Return output as a well-formed JSON-formatted string with the following format:
{
"title": <report_title>,
"summary": <executive_summary>,
"rating": <impact_severity_rating>,
"rating_explanation": <rating_explanation>,
"findings": [
{
"summary":<insight_1_summary>,
"explanation": <insight_1_explanation>
},
{
"summary":<insight_2_summary>,
"explanation": <insight_2_explanation>
}
]
}
# Grounding Rules
Points supported by data should list their data references as follows:
"This is an example sentence supported by multiple data references [Data: <dataset name> (record ids); <dataset name> (record ids)]."
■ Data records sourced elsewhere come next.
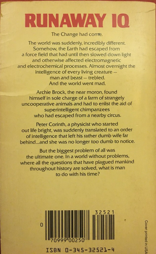 On IQ, see also that short story in the 2000AD annual of 1980, Flowers for Algernon by Daniel Keyes, IQ83 by Arthur Herzog, Brainwrack by Pedler and Davis (I’ve only read the last of these so far.)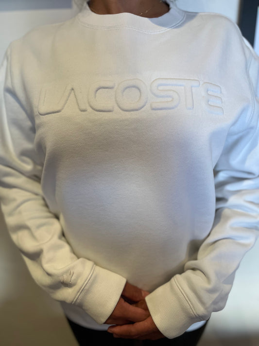 Lacoste Ladies Sweater White Size 6 Raised Chest Logo & Arm Crocodile Badge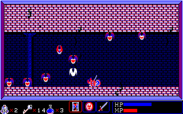 ゲームはサイドビューのアクションRPG。体当たりで敵を攻撃しつつ、様々なアイテム(魔法)などを駆使して敵と戦います。ちなみに敵との位置関係しだいですが、本作では真上の敵への攻撃をすることも可能。このテクニックは覚えておくと効率良く戦えるかもしれません。またゲームスピードを4段階に調節できるので、テンポの早いアクションはちょっと苦手かも……という人は自分の好みの速度でプレイすることもできます。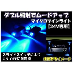●両側に光を照射。マイクロサイズのブルーLEDライト●左右のAピラー上部や、オーディオの両端等に設置することにより、両方向を照射●ON/OFFスイッチ付きカープラグ付きで取付簡単!●主材質:ABS /コード:約2m●定格電圧:DC24V●画像色は実際の色と多少違って見える場合があります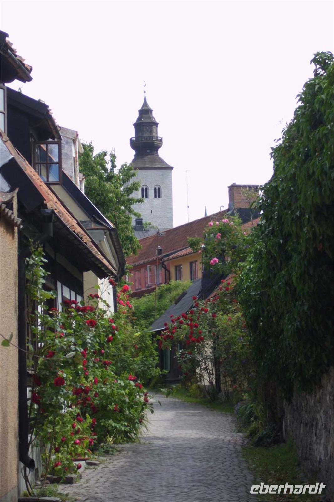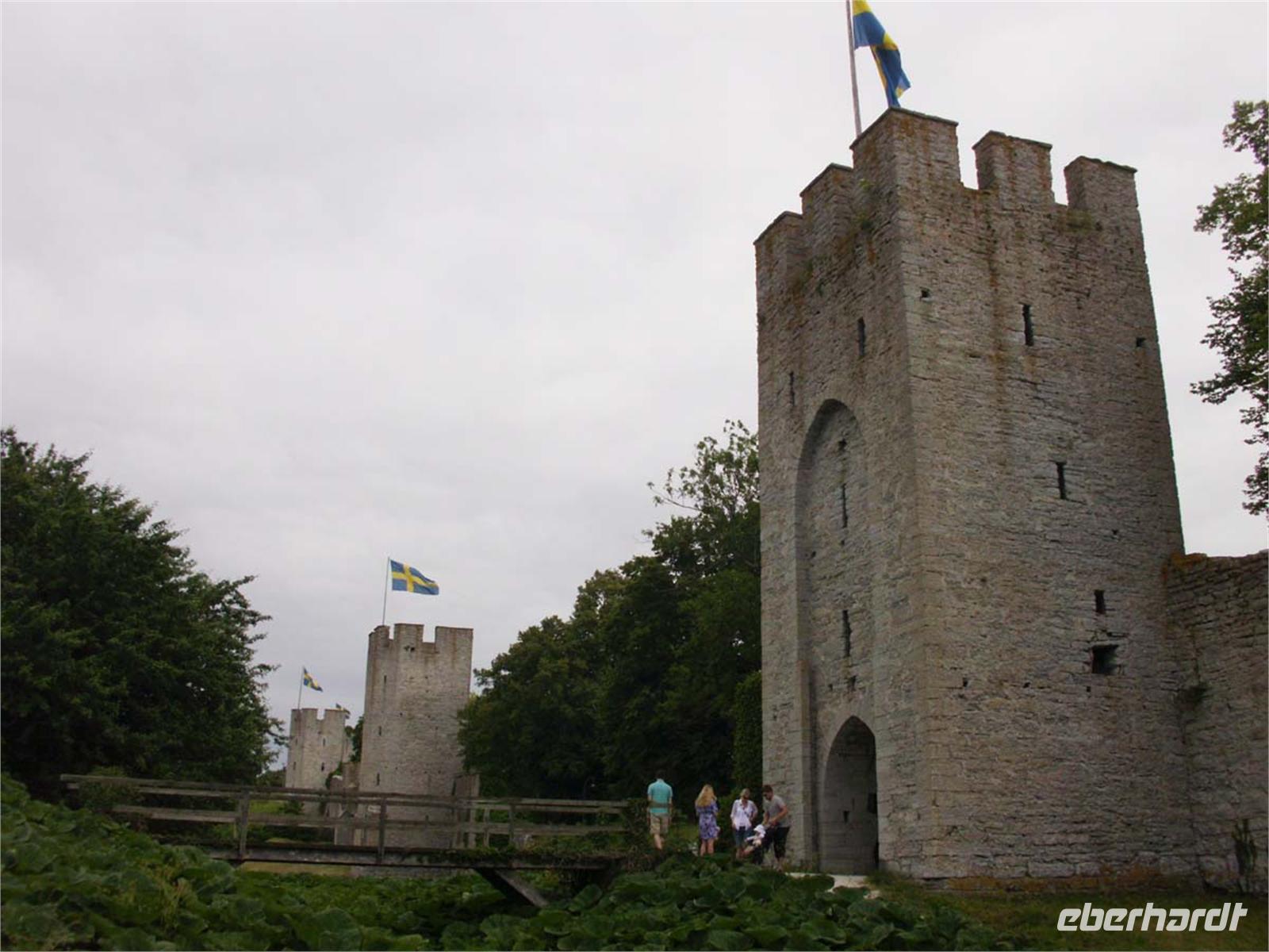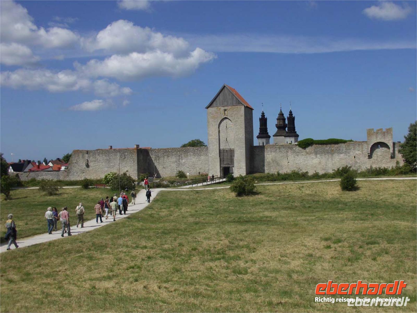Heute wollen wir nach Gotland übersetzen. Dazu müssen wir sehr früh aufstehen um gegen 6.00 Uhr an der Fähre in Nynäshamn zu sein. Punkt 7.00 Uhr legt die Fähre pünktlich in Nynäshamn ab. An Bord gibt es mehrere Restaurants, ein Sonnendeck und Bars. Zudem ist für jeden Fahrgast ein Sitzplatz vorgesehen, der sehr bequem ist. Die drei Stunden Fahrt vergehen also recht schnell, obwohl sie die meiste Zeit über offenes Meer führen. Am Vormittag erreichen wir die alte Hansestadt Visby. Unser Gästeführer steht schon bereit und so betreten wir die Stadt durch die 3,5 km lange und bestens erhaltene Stadtmauer und lassen uns sofort durch die engen Gassen der Hauptstadt Gotlands führen. Im Stadtmuseum ist die wechselvolle Geschichte der mittelalterlichen Großstadt bestens dargestellt. Beeindruckend sind nicht nur die kiloschweren Hacksilberfunde aus der

Do not list more than 5 record ids in a single reference. Instead, list the top 5 most relevant record ids and add "+more" to indicate that there are more.
For example:
"Person X is the owner of Company Y and subject to many allegations of wrongdoing [Data: Reports (1), Entities (5, 7); Relationships (23); Claims (7, 2, 34, 64, 46, +more)]."
where 1, 5, 7, 23, 2, 34, 46, and 64 represent the id (not the index) of the relevant data record.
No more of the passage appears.